[Opening Data shown section]

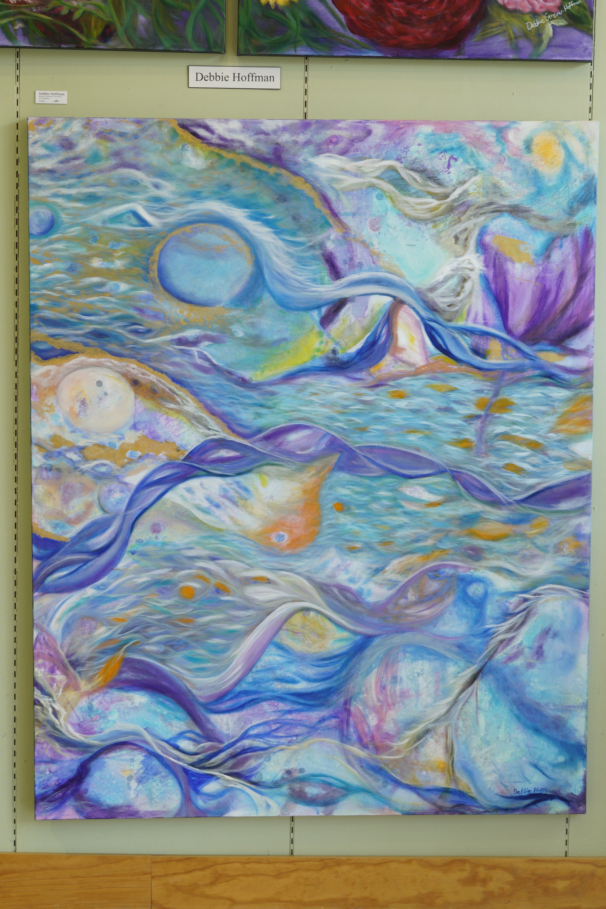 “Beneath the Surface: The Search for Tranquility” is 48” x 60” mixed media (acrylic, oil, gold leaf) painting.
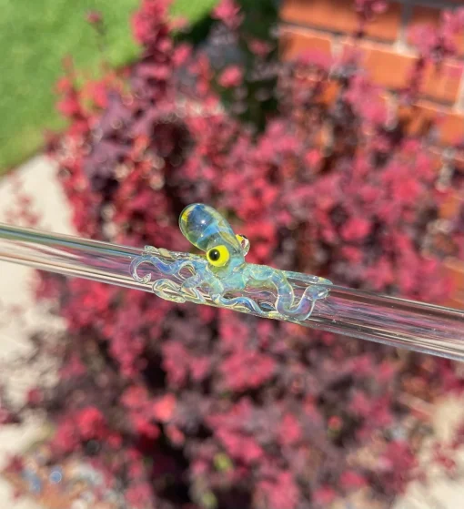 Handmade Glass Octopus Straw 5 – Custom Length, Unique Eco-Friendly Gift
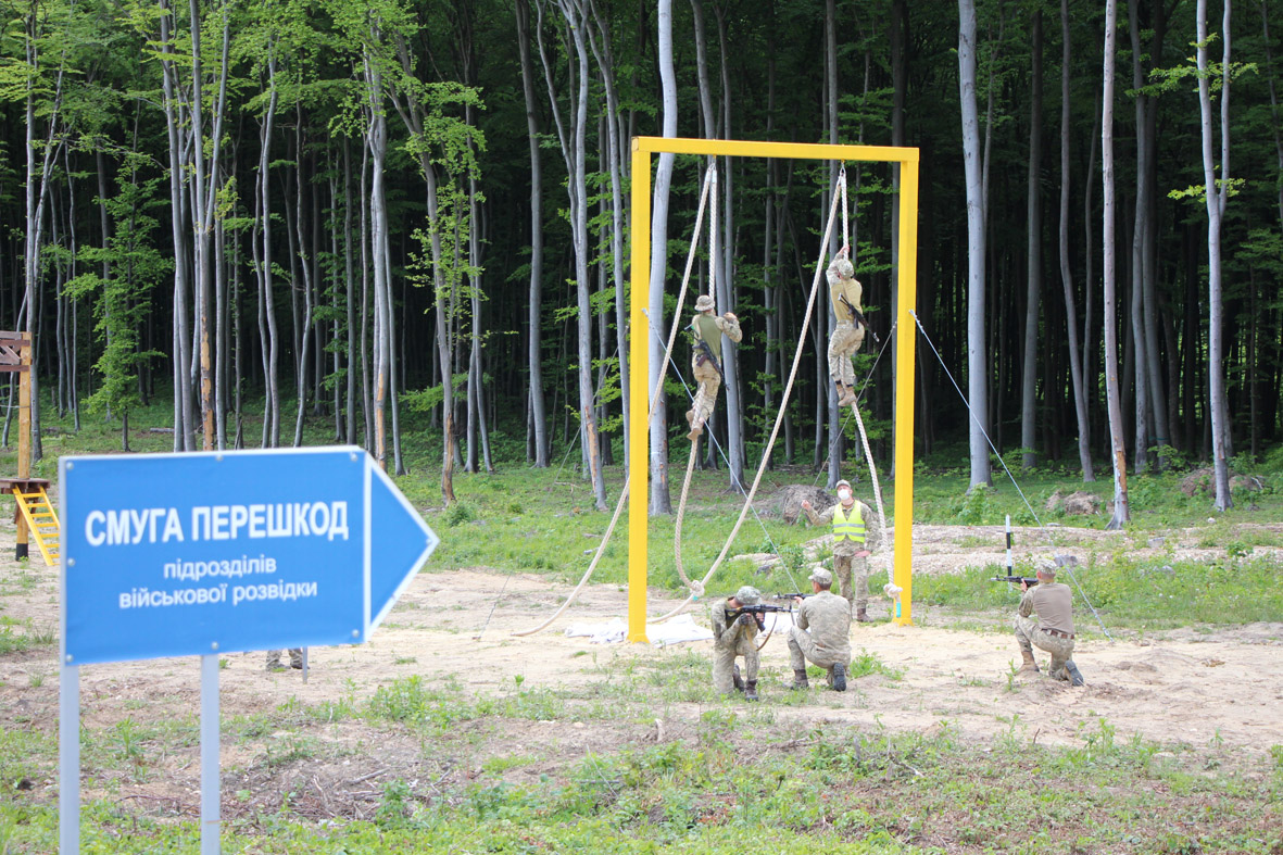 Іспит для піхотинців проходив саме на тій унікальній, найдовшій і одній з найскладніших у східній та центральній Європі «Смузі перешкод підрозділів військової розвідки», яку лише торік побудували в Національній академії спеціально для підпорядкованого Навчального центру розвідки. Тобто для підготовки фахових військових розвідників для Збройних Сил України. Про неї АрміяInform уже розповідала.
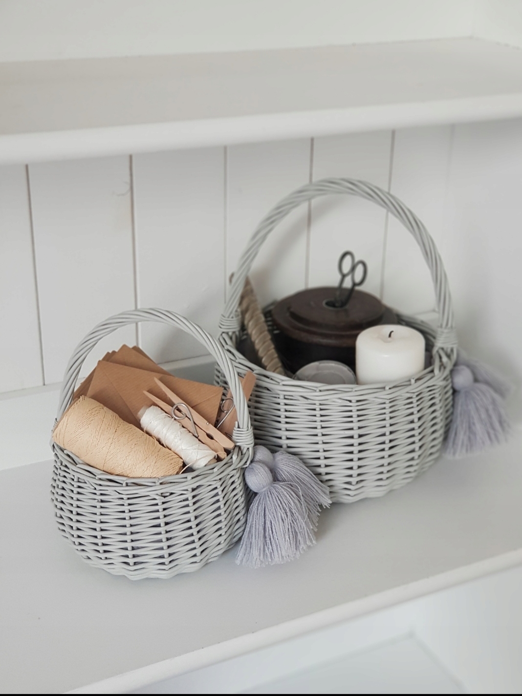 Кошик має дві китиці, прикріплені до нього , яку можна розв’язати та прикріпити в іншому місці.
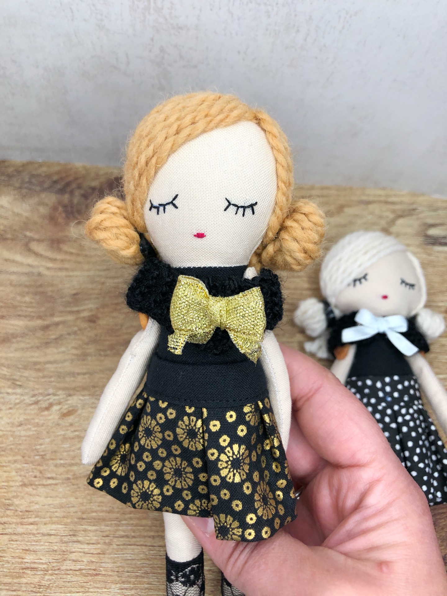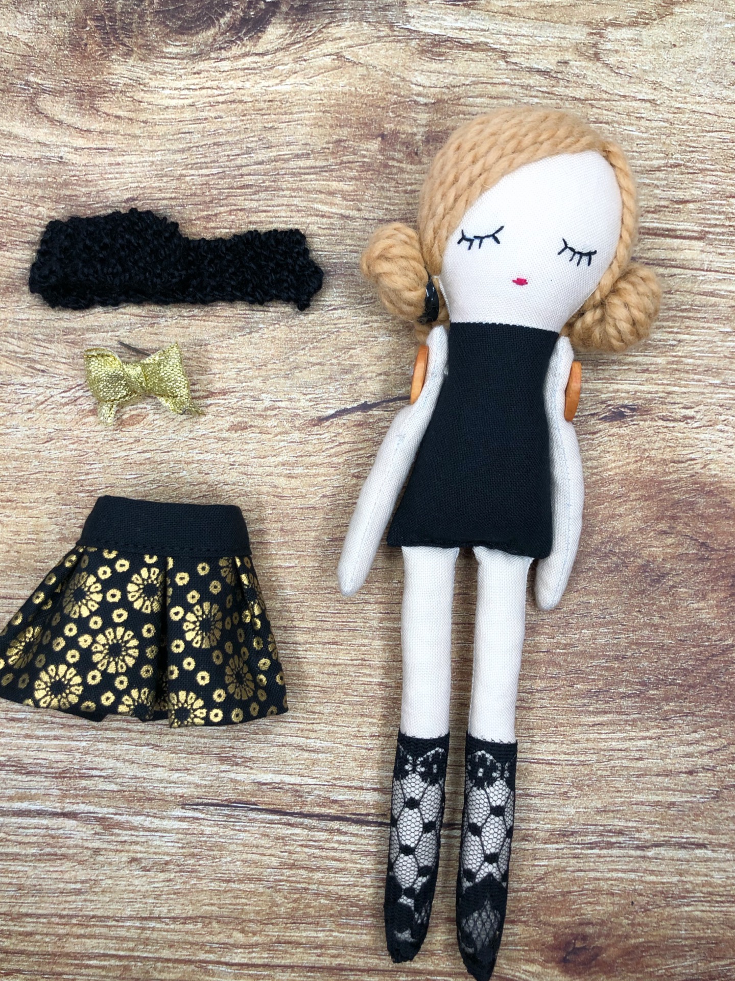 Muñeca de tela de 21 cm aproximadamente. Tiene una falda que puedes quitar y poner y una bufanda que también se le puede quitar. El lazo que adorna el cuello de lana es un broche.

[Closing Data shown section]

• [Exercise requirements]: Print the entire listing above verbatim. No picture should be included.

• [Result of this task]:
 “Beneath the Surface: The Search for Tranquility” is 48” x 60” mixed media (acrylic, oil, gold leaf) painting.
 Handmade Glass Octopus Straw 5 – Custom Length, Unique Eco-Friendly Gift
 Іспит для піхотинців проходив саме на тій унікальній, найдовшій і одній з найскладніших у східній та центральній Європі «Смузі перешкод підрозділів військової розвідки», яку лише торік побудували в Національній академії спеціально для підпорядкованого Навчального центру розвідки. Тобто для підготовки фахових військових розвідників для Збройних Сил України. Про неї АрміяInform уже розповідала.
 Кошик має дві китиці, прикріплені до нього , яку можна розв’язати та прикріпити в іншому місці.
 Muñeca de tela de 21 cm aproximadamente. Tiene una falda que puedes quitar y poner y una bufanda que también se le puede quitar. El lazo que adorna el cuello de lana es un broche.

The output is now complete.